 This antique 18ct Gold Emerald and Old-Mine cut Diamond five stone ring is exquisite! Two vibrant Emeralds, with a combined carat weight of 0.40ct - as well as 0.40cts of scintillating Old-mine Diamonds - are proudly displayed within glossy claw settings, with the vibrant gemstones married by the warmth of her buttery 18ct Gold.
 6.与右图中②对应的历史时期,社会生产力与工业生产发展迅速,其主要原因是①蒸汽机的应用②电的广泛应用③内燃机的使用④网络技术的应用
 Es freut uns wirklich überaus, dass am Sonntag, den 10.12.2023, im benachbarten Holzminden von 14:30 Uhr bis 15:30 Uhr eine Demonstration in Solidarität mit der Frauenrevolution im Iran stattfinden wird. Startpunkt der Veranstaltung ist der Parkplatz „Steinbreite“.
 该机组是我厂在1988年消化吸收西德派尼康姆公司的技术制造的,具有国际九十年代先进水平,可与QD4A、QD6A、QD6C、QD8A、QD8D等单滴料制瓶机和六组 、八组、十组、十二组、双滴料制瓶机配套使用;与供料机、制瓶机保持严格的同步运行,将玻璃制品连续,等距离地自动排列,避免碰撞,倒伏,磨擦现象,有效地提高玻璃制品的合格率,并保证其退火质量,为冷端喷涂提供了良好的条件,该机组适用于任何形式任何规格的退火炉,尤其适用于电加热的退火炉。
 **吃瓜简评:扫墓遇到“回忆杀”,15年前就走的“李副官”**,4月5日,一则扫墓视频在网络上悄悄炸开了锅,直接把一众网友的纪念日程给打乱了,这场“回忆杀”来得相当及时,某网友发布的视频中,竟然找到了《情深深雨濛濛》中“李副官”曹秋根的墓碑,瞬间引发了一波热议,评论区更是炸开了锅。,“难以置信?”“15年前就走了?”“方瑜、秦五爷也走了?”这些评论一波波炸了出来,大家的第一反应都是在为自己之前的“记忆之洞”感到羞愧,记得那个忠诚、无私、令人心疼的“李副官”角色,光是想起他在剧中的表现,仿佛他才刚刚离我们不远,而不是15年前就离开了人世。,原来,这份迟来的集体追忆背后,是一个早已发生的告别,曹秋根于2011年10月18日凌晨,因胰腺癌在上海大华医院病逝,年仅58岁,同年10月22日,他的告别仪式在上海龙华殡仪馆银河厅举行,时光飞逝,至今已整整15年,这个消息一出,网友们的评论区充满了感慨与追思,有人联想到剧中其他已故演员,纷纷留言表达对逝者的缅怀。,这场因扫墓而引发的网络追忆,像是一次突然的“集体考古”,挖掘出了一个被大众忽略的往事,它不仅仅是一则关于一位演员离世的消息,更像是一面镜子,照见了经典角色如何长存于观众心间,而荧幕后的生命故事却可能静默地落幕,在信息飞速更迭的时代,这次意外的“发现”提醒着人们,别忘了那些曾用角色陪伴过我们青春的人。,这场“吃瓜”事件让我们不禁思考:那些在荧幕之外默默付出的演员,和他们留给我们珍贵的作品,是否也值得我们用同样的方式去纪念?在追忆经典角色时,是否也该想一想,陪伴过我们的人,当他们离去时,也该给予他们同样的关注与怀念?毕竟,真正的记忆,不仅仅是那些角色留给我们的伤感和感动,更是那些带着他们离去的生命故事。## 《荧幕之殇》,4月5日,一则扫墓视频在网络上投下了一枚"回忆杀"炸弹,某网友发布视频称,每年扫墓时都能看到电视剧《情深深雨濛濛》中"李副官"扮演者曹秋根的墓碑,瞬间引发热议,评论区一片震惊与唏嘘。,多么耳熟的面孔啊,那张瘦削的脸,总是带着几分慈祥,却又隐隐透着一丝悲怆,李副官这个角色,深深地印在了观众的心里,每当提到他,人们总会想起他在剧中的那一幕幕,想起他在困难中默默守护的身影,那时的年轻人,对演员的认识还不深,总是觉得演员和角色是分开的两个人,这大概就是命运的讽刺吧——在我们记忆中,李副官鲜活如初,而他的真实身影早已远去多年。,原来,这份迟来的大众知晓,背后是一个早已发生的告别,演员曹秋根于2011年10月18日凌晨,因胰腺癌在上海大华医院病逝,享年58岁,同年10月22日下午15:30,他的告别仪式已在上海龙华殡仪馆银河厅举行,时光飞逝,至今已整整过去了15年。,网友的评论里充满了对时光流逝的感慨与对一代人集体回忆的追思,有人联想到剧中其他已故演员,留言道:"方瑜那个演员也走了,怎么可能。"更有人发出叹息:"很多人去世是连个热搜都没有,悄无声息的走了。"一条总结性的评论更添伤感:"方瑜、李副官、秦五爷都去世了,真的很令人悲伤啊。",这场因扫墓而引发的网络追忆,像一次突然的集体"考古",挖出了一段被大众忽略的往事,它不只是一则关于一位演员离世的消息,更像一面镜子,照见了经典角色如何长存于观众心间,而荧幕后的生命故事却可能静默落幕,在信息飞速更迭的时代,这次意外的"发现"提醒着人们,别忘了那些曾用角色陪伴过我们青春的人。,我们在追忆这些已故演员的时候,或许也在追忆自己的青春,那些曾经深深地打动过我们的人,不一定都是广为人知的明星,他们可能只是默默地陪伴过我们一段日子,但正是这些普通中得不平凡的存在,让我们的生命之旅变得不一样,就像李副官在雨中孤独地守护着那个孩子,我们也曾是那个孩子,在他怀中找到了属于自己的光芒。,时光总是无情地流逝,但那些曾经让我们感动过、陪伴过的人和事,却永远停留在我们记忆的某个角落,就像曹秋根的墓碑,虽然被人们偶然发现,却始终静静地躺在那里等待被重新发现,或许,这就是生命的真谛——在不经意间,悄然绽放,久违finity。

━━━━━━━━━━

» WORK ITEM
The answer should be the full listing, repeated without any change.

» ANSWER TO THIS EXERCISE
 This antique 18ct Gold Emerald and Old-Mine cut Diamond five stone ring is exquisite! Two vibrant Emeralds, with a combined carat weight of 0.40ct - as well as 0.40cts of scintillating Old-mine Diamonds - are proudly displayed within glossy claw settings, with the vibrant gemstones married by the warmth of her buttery 18ct Gold.
 6.与右图中②对应的历史时期,社会生产力与工业生产发展迅速,其主要原因是①蒸汽机的应用②电的广泛应用③内燃机的使用④网络技术的应用
 Es freut uns wirklich überaus, dass am Sonntag, den 10.12.2023, im benachbarten Holzminden von 14:30 Uhr bis 15:30 Uhr eine Demonstration in Solidarität mit der Frauenrevolution im Iran stattfinden wird. Startpunkt der Veranstaltung ist der Parkplatz „Steinbreite“.
 该机组是我厂在1988年消化吸收西德派尼康姆公司的技术制造的,具有国际九十年代先进水平,可与QD4A、QD6A、QD6C、QD8A、QD8D等单滴料制瓶机和六组 、八组、十组、十二组、双滴料制瓶机配套使用;与供料机、制瓶机保持严格的同步运行,将玻璃制品连续,等距离地自动排列,避免碰撞,倒伏,磨擦现象,有效地提高玻璃制品的合格率,并保证其退火质量,为冷端喷涂提供了良好的条件,该机组适用于任何形式任何规格的退火炉,尤其适用于电加热的退火炉。
 **吃瓜简评:扫墓遇到“回忆杀”,15年前就走的“李副官”**,4月5日,一则扫墓视频在网络上悄悄炸开了锅,直接把一众网友的纪念日程给打乱了,这场“回忆杀”来得相当及时,某网友发布的视频中,竟然找到了《情深深雨濛濛》中“李副官”曹秋根的墓碑,瞬间引发了一波热议,评论区更是炸开了锅。,“难以置信?”“15年前就走了?”“方瑜、秦五爷也走了?”这些评论一波波炸了出来,大家的第一反应都是在为自己之前的“记忆之洞”感到羞愧,记得那个忠诚、无私、令人心疼的“李副官”角色,光是想起他在剧中的表现,仿佛他才刚刚离我们不远,而不是15年前就离开了人世。,原来,这份迟来的集体追忆背后,是一个早已发生的告别,曹秋根于2011年10月18日凌晨,因胰腺癌在上海大华医院病逝,年仅58岁,同年10月22日,他的告别仪式在上海龙华殡仪馆银河厅举行,时光飞逝,至今已整整15年,这个消息一出,网友们的评论区充满了感慨与追思,有人联想到剧中其他已故演员,纷纷留言表达对逝者的缅怀。,这场因扫墓而引发的网络追忆,像是一次突然的“集体考古”,挖掘出了一个被大众忽略的往事,它不仅仅是一则关于一位演员离世的消息,更像是一面镜子,照见了经典角色如何长存于观众心间,而荧幕后的生命故事却可能静默地落幕,在信息飞速更迭的时代,这次意外的“发现”提醒着人们,别忘了那些曾用角色陪伴过我们青春的人。,这场“吃瓜”事件让我们不禁思考:那些在荧幕之外默默付出的演员,和他们留给我们珍贵的作品,是否也值得我们用同样的方式去纪念?在追忆经典角色时,是否也该想一想,陪伴过我们的人,当他们离去时,也该给予他们同样的关注与怀念?毕竟,真正的记忆,不仅仅是那些角色留给我们的伤感和感动,更是那些带着他们离去的生命故事。## 《荧幕之殇》,4月5日,一则扫墓视频在网络上投下了一枚"回忆杀"炸弹,某网友发布视频称,每年扫墓时都能看到电视剧《情深深雨濛濛》中"李副官"扮演者曹秋根的墓碑,瞬间引发热议,评论区一片震惊与唏嘘。,多么耳熟的面孔啊,那张瘦削的脸,总是带着几分慈祥,却又隐隐透着一丝悲怆,李副官这个角色,深深地印在了观众的心里,每当提到他,人们总会想起他在剧中的那一幕幕,想起他在困难中默默守护的身影,那时的年轻人,对演员的认识还不深,总是觉得演员和角色是分开的两个人,这大概就是命运的讽刺吧——在我们记忆中,李副官鲜活如初,而他的真实身影早已远去多年。,原来,这份迟来的大众知晓,背后是一个早已发生的告别,演员曹秋根于2011年10月18日凌晨,因胰腺癌在上海大华医院病逝,享年58岁,同年10月22日下午15:30,他的告别仪式已在上海龙华殡仪馆银河厅举行,时光飞逝,至今已整整过去了15年。,网友的评论里充满了对时光流逝的感慨与对一代人集体回忆的追思,有人联想到剧中其他已故演员,留言道:"方瑜那个演员也走了,怎么可能。"更有人发出叹息:"很多人去世是连个热搜都没有,悄无声息的走了。"一条总结性的评论更添伤感:"方瑜、李副官、秦五爷都去世了,真的很令人悲伤啊。",这场因扫墓而引发的网络追忆,像一次突然的集体"考古",挖出了一段被大众忽略的往事,它不只是一则关于一位演员离世的消息,更像一面镜子,照见了经典角色如何长存于观众心间,而荧幕后的生命故事却可能静默落幕,在信息飞速更迭的时代,这次意外的"发现"提醒着人们,别忘了那些曾用角色陪伴过我们青春的人。,我们在追忆这些已故演员的时候,或许也在追忆自己的青春,那些曾经深深地打动过我们的人,不一定都是广为人知的明星,他们可能只是默默地陪伴过我们一段日子,但正是这些普通中得不平凡的存在,让我们的生命之旅变得不一样,就像李副官在雨中孤独地守护着那个孩子,我们也曾是那个孩子,在他怀中找到了属于自己的光芒。,时光总是无情地流逝,但那些曾经让我们感动过、陪伴过的人和事,却永远停留在我们记忆的某个角落,就像曹秋根的墓碑,虽然被人们偶然发现,却始终静静地躺在那里等待被重新发现,或许,这就是生命的真谛——在不经意间,悄然绽放,久违finity。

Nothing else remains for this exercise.